Cryptocurrency: To Invest or To Trade?by Fintech News Malaysia March 21, 2019
The XXI century can be called the Cryptocurrency Rush. In 2017, digital money became incredibly popular due to fast growth and increasing interest among investors.
Even after the fiasco of January 2018, interest to cryptocurrency remains: the number of coins available for trading stands at thousands and the daily turnover of the cryptocurrency market counts to billions of dollars.
Cryptocurrencies are the financial trend of the last few years. Stories about lucky investors who succeeded to make fortunes on digital coins, as well as high volatility led to a growing demand for digital currencies and numerous speculations on cryptocurrency exchanges.
How to trade cryptocurrency
Trading crypto is more dynamic and unpredictable than trading currency or stock. While other assets rarely reach 2% of daily price change, cryptocurrency is often above 10%. This makes crypto a prime opportunity for high-risk investments and trading.

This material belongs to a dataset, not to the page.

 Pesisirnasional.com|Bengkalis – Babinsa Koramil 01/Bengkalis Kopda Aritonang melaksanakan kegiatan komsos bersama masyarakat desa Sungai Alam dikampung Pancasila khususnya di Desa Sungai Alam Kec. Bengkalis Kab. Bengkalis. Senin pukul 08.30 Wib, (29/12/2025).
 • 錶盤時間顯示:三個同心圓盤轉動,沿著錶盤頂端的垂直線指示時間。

There are two ways to make money off cryptocurrency– investing and trading.
Investing in cryptocurrency
Investing is buying and holding crypto in order to sell it off later. Of course, it only works if the price of your coins is rising – and that’s not a guarantee. For example, the last couple of months have been remarkably bearish on the cryptocurrency market.
|FUN FACT: The other name for cryptocurrency investors is “hodlers”. The name emerged around 2011 from the miswritten word “holder” and became a meme among the early crypto adopters.|
Cryptocurrency market is extremely volatile and the investors are forced to follow it. While on the upward trending market investing is a lot safer than trading, it becomes unreasonable when the market enters a bearish mood. However, that’s where the traders come in.

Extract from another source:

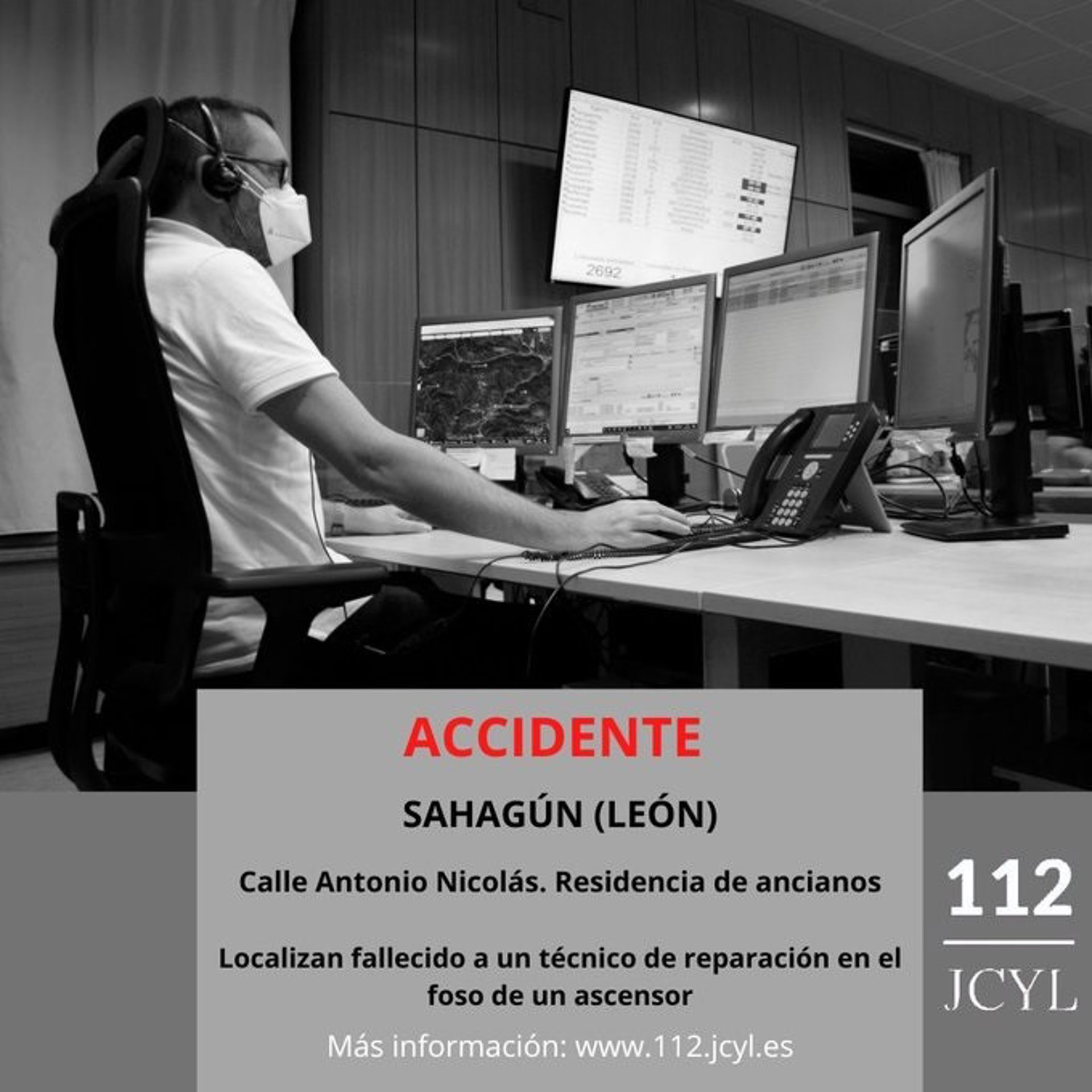 Según precisan las mismas fuentes, a las 01.24 horas de este martes, 19 de julio, la sala de operaciones del Centro de Emergencias 1-1-2 Castilla y León recibió una llamada de una residencia de ancianos situada en la calle Antonio Nicolás de Sahagún para informar de la desaparición de un técnico de reparación de ascensores que se hallaba trabajando en uno de los elevadores de la residencia y al que no conseguían localizar.

While investors are after the long-term profit and sometimes can even accept a short-term loss, traders are all about immediate gratification. They don’t care about the state of the cryptocurrency market and where it is moving – the only thing they need to make money is movement itself.
When the market is on the rise, the traders are essentially the mini-investors – they buy crypto in the morning and sell it at the end of the day, or when the price begins to dangerously tip. However, when the market is falling, the traders employ shorting – a different trading mechanism specifically designed for the downward markets.
|GLOSSARY: Shorting is borrowing some crypto, selling it, then buying it back at the end of the day to repay the debt. If the price falls after the initial sale, the trader ends up with some profit on the repurchase.|
However, you need an external source of crypto in order to short it. Most traders use cryptocurrency brokers, who provide them with a constant supply of coins. They also give access to a larger amount of coins and tokens. For example, JustForex offers 39 trading instruments on the Crypto account, including BTC, ETH, Ripple, BCH, EMC, LTC.
How to be a successful cryptocurrency trader
The trader should have the skills of technical analysis, a good understanding of the trading principles. The forecasts made after careful analysis are the basis for opening positions to buy or sell.
Traders often trade on the news. When there is good news on an asset, buy it and wait for the price to rise. When bad news release, start shorting. For example, there was news that a large investment fund plans to invest in Bitcoin, BTC/USD rate is likely to grow and you should open long positions.
The choice of a trading strategy depends on your goals. Investing is well suited for leisurely assets formation. At the same time, trading allows you to receive a stable income.